**WHAT NEEDS TO BE DONE:**
Transcribe the stretch of entries below from the line with "TOP: The interior" through the line with "most of the", exactly and with both ends included; leave out all other lines.

**RECORDS FOR THE TASK:**
┌──
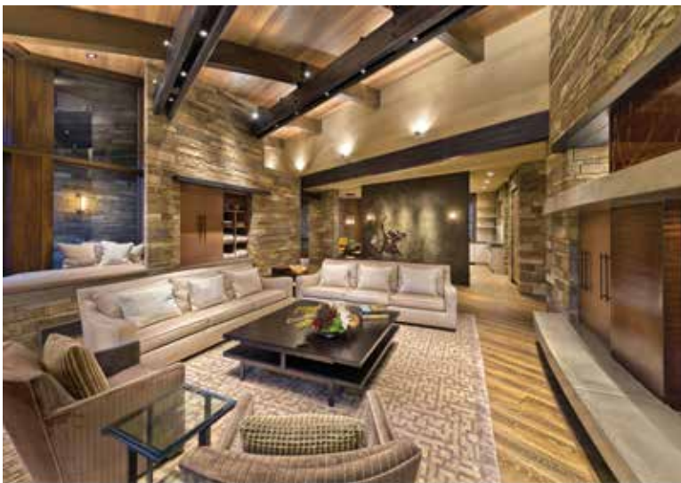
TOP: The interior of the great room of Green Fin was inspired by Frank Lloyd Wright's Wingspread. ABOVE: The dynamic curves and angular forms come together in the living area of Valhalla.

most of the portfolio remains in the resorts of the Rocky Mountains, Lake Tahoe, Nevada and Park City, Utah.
└──
┌──
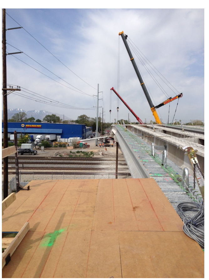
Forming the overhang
└──
**REPLY TO THE EXERCISE:**
TOP: The interior of the great room of Green Fin was inspired by Frank Lloyd Wright's Wingspread. ABOVE: The dynamic curves and angular forms come together in the living area of Valhalla.

most of the portfolio remains in the resorts of the Rocky Mountains, Lake Tahoe, Nevada and Park City, Utah.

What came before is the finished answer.